Meanwhile, Antonius has finally managed to change out of his breastplate in favor of the half-plate stripped from the fallen guard. Borus and Thorongil are in the process of rounding up the party to investigate another hallway.  They finally decide to forge ahead with out Meree and Melkor, who are trying to decide how to lift the 500 pound chest.  With Devan and Redival in the rear, the melee types open a set of double doors around the corner from the bartender's bedroom.  The doors open into a stable, currently holding four horses and waiting guard.  The only other exit is another set of double doors behind the guard.
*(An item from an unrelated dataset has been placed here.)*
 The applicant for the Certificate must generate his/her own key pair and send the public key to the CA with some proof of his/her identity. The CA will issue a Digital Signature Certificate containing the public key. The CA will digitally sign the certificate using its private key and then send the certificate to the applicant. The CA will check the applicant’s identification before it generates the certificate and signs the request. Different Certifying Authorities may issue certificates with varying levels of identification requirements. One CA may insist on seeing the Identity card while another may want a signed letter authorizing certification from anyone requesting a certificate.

Surprised, the fighters pull up as the guard lets an arrow fly before dropping his bow and placing his hand on the hilt of his bastard sword. "_I don't like these odds,_" thinks the guard, "_if only i can draw them outside..._"

The loosed arrow breaks the fighters from their shock, and they rush forward with weapons drawn.  Borus levels a telling blow after a reckless charge, quickly followed by a miss from Thorongil.  Antonius shouts for reinforcements and tries to find an unoccupied opening in the tight space of the stable.  The horses neigh and buck wildly in their stalls as the guard tries desperately to keep his assailants at bay, carefully backing away, pushing one double door open with his movement.
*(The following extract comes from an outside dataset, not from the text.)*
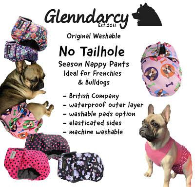 How they work? Glenndarcy waterproof fabric Flexi-Pants help keep mess off your furniture and carpets during your dog's season and can also be used for girls who have developed urine incontinence. They are unique - we designed to be adjustable in two areas - waistband and elasticated body sides for a more tailored fit.  If you are unsure of your dog's measurements, these are the best product to purchase due to their increased adjustability.

With blows raining down from all sides, the guard is showing heavy wounds when the rest of the party rushes in to the other end of the stables.  Melkor slinks forward to try and find an opening, while Devan looks hopelessly for a shot: the quarters are too close even for her precise aim.  Meanwhile the guard is has managed to back most of the way out of the door, which opens back onto the Road.  Frustrated by a series of misses, Thorongil uses his incredible movement to dodge around the guard and into a flanking position.  Out of nowhere, an arrow impacts with Thorongil's head with incredible force and the massive barbarian drops with a heavy thud.  Screaming, Antonius and Borus hack the guard to pieces while Melkor desperately drags the barbarian back into the stable, using the heavy stable door as cover.
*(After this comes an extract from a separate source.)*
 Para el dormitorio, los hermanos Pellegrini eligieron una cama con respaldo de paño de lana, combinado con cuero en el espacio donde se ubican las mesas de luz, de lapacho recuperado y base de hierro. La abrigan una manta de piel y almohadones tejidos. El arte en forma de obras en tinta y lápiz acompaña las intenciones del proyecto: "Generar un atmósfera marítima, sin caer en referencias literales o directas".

Redival is instantly by the barbarian, but there is nothing she can do.  Tears running down her ruddy face, she simply shakes her head.  "Vengeance," hisses Max.  Acting as a tactical team for the first time, Melkor and Max begin to shout orders.

"Redival, Antonius, you'll be the first out.  Neither of you have been hit, and you'll be the hardest to hit. Both of you screen Devan, she'll provide us cover. I caught a glimpse of another one of those portcullises down there, the archer is firing from behind that.  The rest of us will follow you three. Meree you're last."  Satisfied, Melkor bends over to clap his old friend on the shoulder and distribute the two healing potions the barbarian had in his belt.

The plan works nicely, with the freshest fighters charging out first trying to work their way around the bridge. Devan tries to pin the archer down, but the portcullis gives him some cover, and she has trouble threading the needle.  At first the guard drops his bow and stands ready on the open side of the portcullis with his bastard sword drawn, waiting for one of the intruders to try swinging around the end.  However, the feverish attack by Redival and Borus on the wooden gate makes him nervous and he backs away to the far side, hoping to lure them across.

Antonius is the first to take the bait.  Swinging around the end of the portcullis, he lands right on the edge of the Road.  Under heavy arrow fire from Devan, Melkor, and Meree, he charges across the Road and slams into the heavily weakened paladin, trying to knock him over the side.  Unfortunately for the guard, he loses his footing at the last minute and Antonius shrugs off the attack.  At almost the exact same moment, Borus opens a space in the portcullis large enough for Redival to squeeze through, and soon the guard is trapped between far too many invaders.  Trapped by another lowered portcullis, the guard screams as the party repays Thorongil's death with grim efficiency.

Behind the portcullis is yet another octagonal platform, this one holding a gate off of the Road.  Although the gate is not Gith's Gate, some are tempted to use it anyway, worried about what else might be in store ahead.  In the end, several quick decisions are made.  After discovering that there is no apparent winch for raising the other portcullis, several people set to work on destroying the barrier, while Devan and Melkor coax one of the frightened horses out of its stall.  They hoist Thorongil's body onto its back, and tie the heavy chest of silver securely behind the saddle.

Regrouped and low on health and healing, the party begins down a long section of Road capped by yet another portcullis.  The right side of the road is open, but the left is still occupied by the building the party had entered earlier.  Two doors are unopened into the building.

Curious, the party sets to exploring the doors.  Cautiously, they peek inside the first one and discover a living quarters, with six beds, four of which look to be slept in recently.  There are also footlockers at the end of each bed, which are quickly raided by Melkor.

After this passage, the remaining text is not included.